Its obvious that come November they will be endorsing whomever the GOP candidate is. I'll take their endorsement, but its not one of my favorites.
-snip-
For starters, imagine Sen. Clinton and "co-president" Bill Clinton invited onto a "This is Your Life" talk show where they're joined by Juanita Broaddrick, Kathleen Willey, Paula Jones, Gennifer Flowers and Monica Lewinsky.
And that's before we even get around to a HillaryCare plan that could have sent you to jail for offering to pay your doctor in cash to "get to the head of the line."
Meanwhile, John Edwards' anti-capitalist populism is not in this country's long-term best interests.
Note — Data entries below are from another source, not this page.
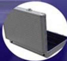
具有保全裝置之設備 Security-Type Equipment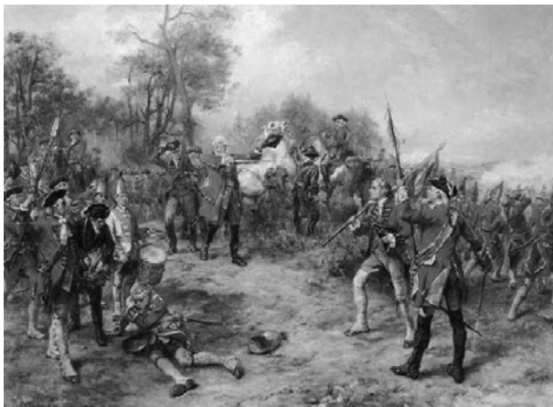
De vele oorlogen deden de vastenavondvieringen geen goed

We lezen nog wel eens dat het de Fransen waren, die in 1794 een einde aan de vastenavond maakten, zodat er tussen Rijn en Maas, een abrupt einde kwam aan het frivole feestgedruis. Dat is klinkklare kolder, want de waarheid gebiedt te schrijven, dat in onze streek in de 18 e eeuw de Spaanse Successieoorlog (1702-1713), de Oostenrijkse Successieoorlog (1740-1748), de Zevenjarige Oorlog (1756-1763) en de Luikse Revolutie uitgevochten werden. Zelfs als onze voorouders niet direct hierbij betrokken waren, zo kregen zij te maken met buitensporige belastingen, die toen contributies en executies genoemd werden.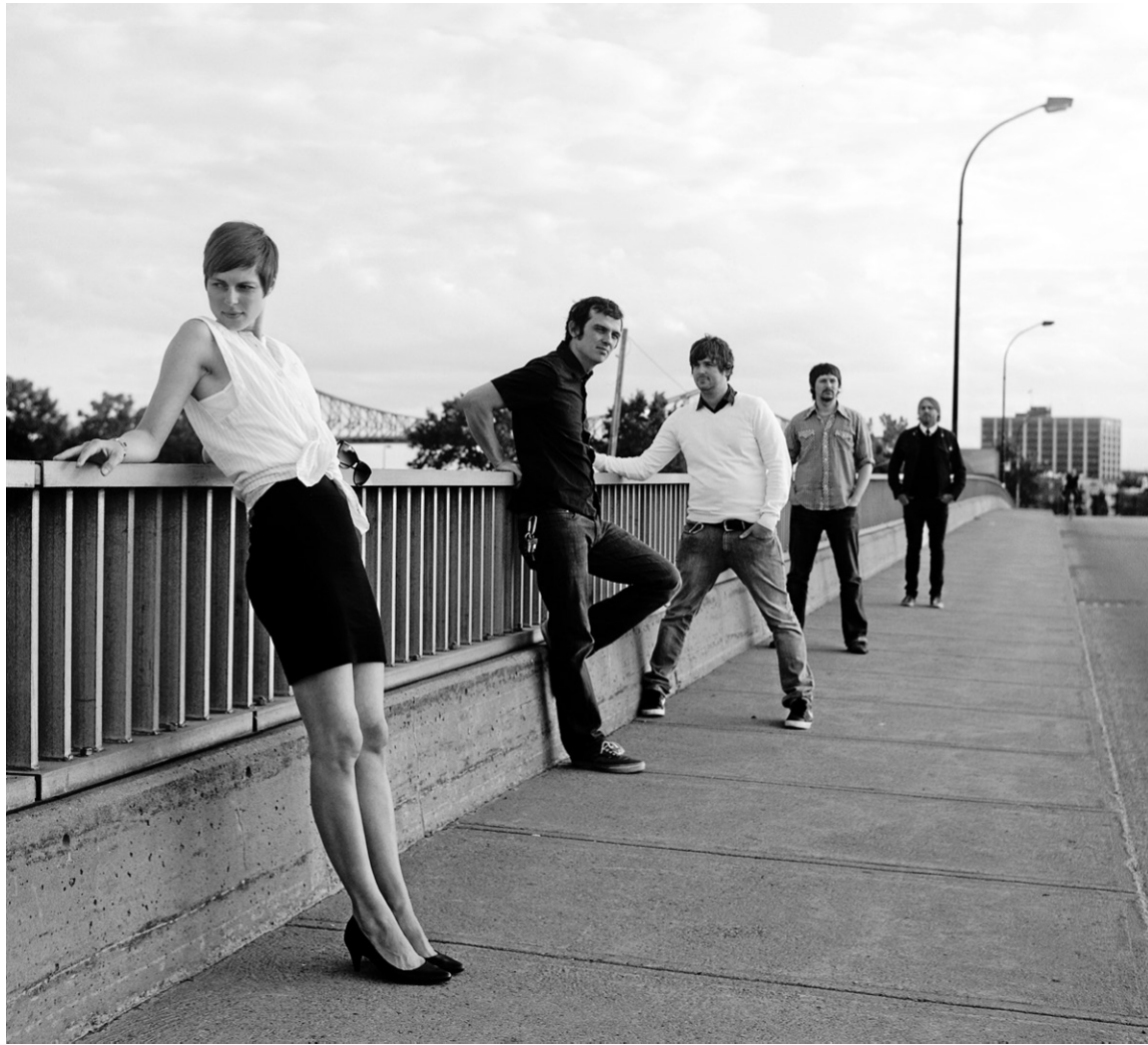
Rome Romeo dans une pose rappelant la pochette de l'album Autoamerican de Blondie.

« Ça a été difficile de se sortir des patterns punk-rock, ajoute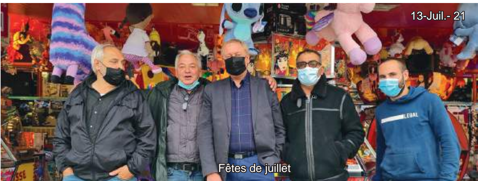
Fêtes de juillet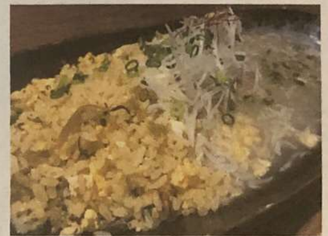
高菜炒飯 しらすあんかけ

Is Barack Obama, then, the ideal Democratic candidate for president? Hardly. His policy recommendations -- when he can be convinced to get any more specific than "I represent change" -- are the opposite of "change." They're old-line, welfare-state solutions that haven't spent enough time in the microwave to appear even superficially appetizing.
Sen. Obama is a relatively young man with relatively little of the kind of real-world experience that prepares a candidate to stand firm against urgent advice to, say, bomb some remote population of defenseless civilians to "send a message," or plunge the economy into a dark night of unforeseen consequences by crippling the free market in the name of "fighting greed."
But Barack Obama is, at least, likeable. He is a good enough orator that there is no need to cringe when he dares to speak off the cuff. He is a good politician, in the non-insulting sense that he knows how to speak to individual Americans and give them the feeling he cares about their concerns.